▶ WHAT IS NEEDED: What you give back from the listing below should be an exact copy of the lines from the one with "Раскатать тесто в" down to the one with "Ze wstępnych informacji", and it should contain no pictures.

▶ INFORMATION PROVIDED:

= Beginning of Section =

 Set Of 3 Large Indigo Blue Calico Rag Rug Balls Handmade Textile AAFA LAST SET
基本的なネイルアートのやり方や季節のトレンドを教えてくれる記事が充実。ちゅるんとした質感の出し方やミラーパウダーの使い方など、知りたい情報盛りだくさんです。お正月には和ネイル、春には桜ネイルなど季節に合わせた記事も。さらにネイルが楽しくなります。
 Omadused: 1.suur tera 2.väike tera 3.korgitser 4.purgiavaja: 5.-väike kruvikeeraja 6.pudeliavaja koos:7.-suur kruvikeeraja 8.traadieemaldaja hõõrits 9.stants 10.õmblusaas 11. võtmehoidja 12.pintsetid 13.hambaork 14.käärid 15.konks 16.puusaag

= End of Section =
= Beginning of Section =

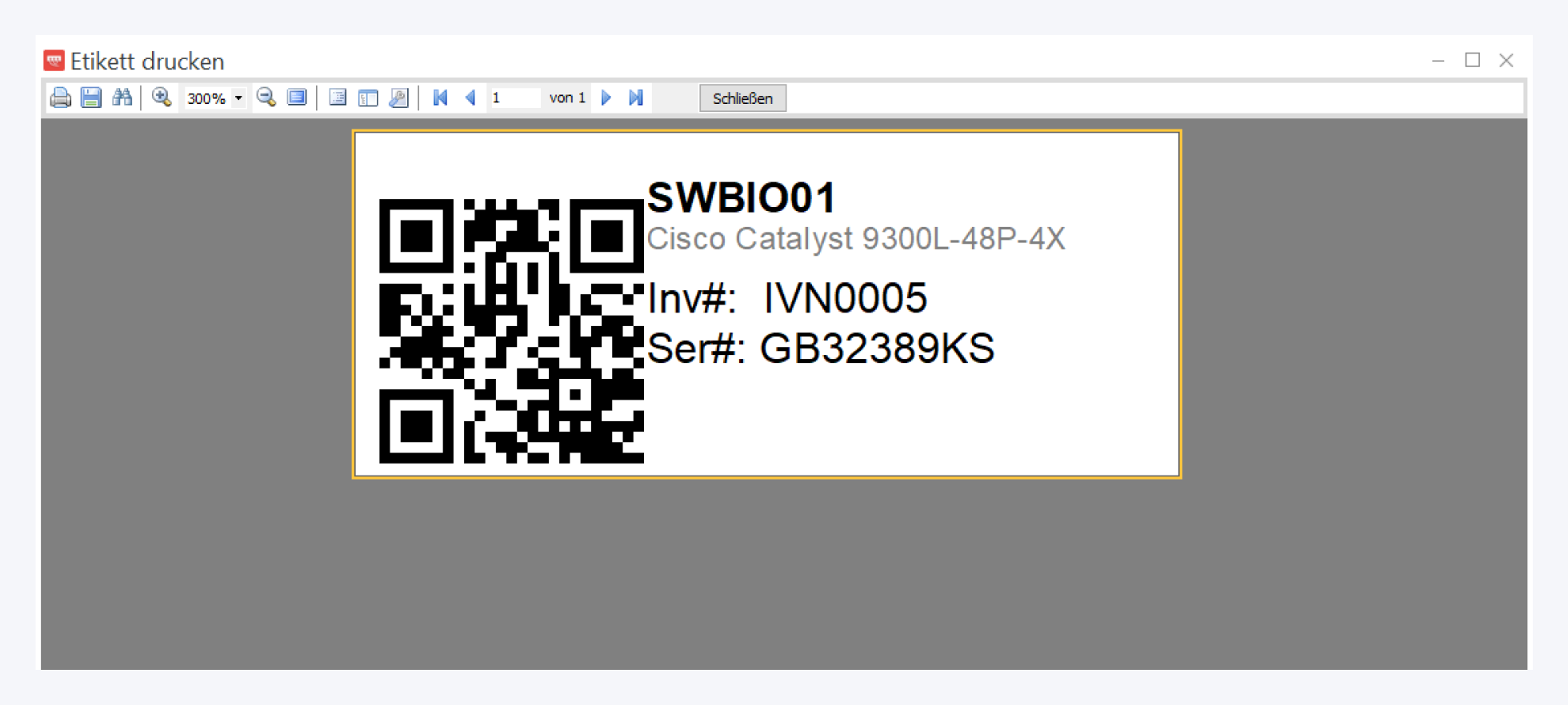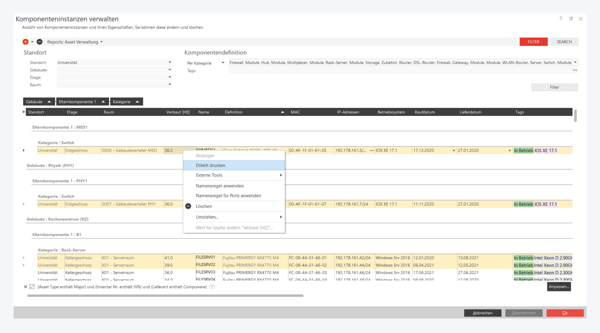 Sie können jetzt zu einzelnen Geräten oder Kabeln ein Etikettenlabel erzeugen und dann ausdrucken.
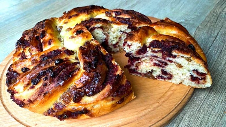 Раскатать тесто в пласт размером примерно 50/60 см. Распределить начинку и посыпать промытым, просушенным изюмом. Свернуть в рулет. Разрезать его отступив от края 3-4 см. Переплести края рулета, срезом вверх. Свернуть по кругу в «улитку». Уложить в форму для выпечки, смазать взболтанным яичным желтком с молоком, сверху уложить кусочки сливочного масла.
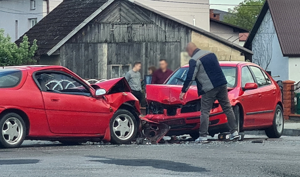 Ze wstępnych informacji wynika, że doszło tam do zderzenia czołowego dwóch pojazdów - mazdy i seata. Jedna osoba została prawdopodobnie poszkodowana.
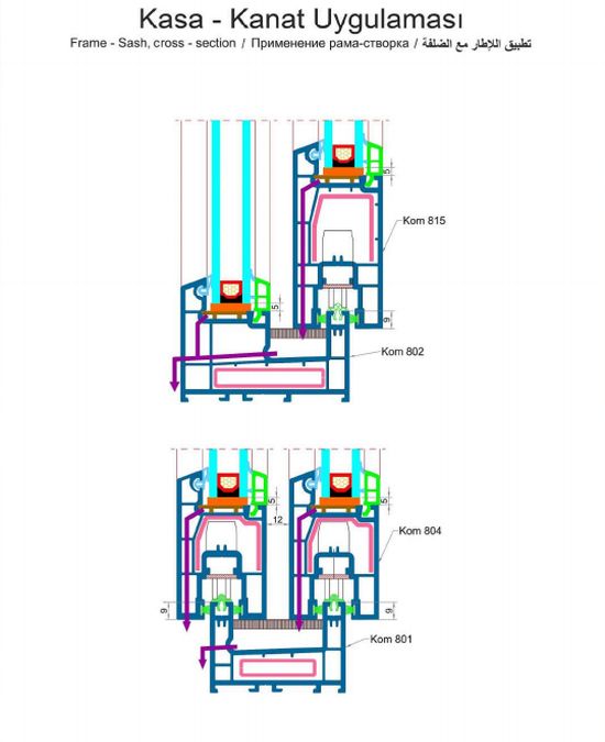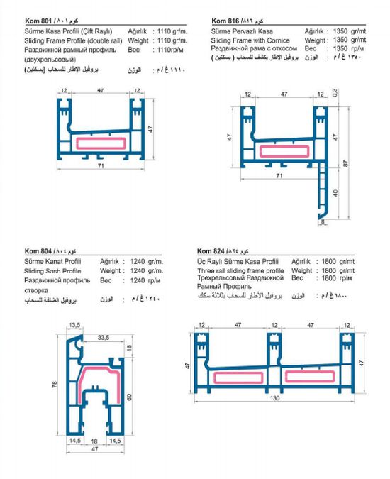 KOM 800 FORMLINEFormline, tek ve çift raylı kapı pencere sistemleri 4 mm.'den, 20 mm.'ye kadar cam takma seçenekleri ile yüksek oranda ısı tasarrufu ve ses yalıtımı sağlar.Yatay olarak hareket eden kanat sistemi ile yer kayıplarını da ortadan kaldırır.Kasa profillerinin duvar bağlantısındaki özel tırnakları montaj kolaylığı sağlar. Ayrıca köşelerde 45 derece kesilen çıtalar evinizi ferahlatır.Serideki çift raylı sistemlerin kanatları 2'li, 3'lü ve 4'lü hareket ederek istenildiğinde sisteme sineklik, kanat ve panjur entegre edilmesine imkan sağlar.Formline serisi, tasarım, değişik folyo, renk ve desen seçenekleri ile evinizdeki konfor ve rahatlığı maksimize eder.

= End of Section =
= Beginning of Section =

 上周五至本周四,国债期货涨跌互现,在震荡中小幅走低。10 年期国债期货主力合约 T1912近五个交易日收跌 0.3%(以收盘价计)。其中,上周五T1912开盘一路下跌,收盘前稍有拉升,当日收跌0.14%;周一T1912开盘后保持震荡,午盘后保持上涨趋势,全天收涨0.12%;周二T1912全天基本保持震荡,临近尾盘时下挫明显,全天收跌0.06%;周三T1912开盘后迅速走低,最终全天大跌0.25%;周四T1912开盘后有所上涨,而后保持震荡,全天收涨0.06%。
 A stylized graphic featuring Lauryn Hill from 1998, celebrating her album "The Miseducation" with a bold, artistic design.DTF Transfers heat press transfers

= End of Section =

▶ SOLUTION FOR THIS PROBLEM:
 Раскатать тесто в пласт размером примерно 50/60 см. Распределить начинку и посыпать промытым, просушенным изюмом. Свернуть в рулет. Разрезать его отступив от края 3-4 см. Переплести края рулета, срезом вверх. Свернуть по кругу в «улитку». Уложить в форму для выпечки, смазать взболтанным яичным желтком с молоком, сверху уложить кусочки сливочного масла.
 Ze wstępnych informacji wynika, że doszło tam do zderzenia czołowego dwóch pojazdów - mazdy i seata. Jedna osoba została prawdopodobnie poszkodowana.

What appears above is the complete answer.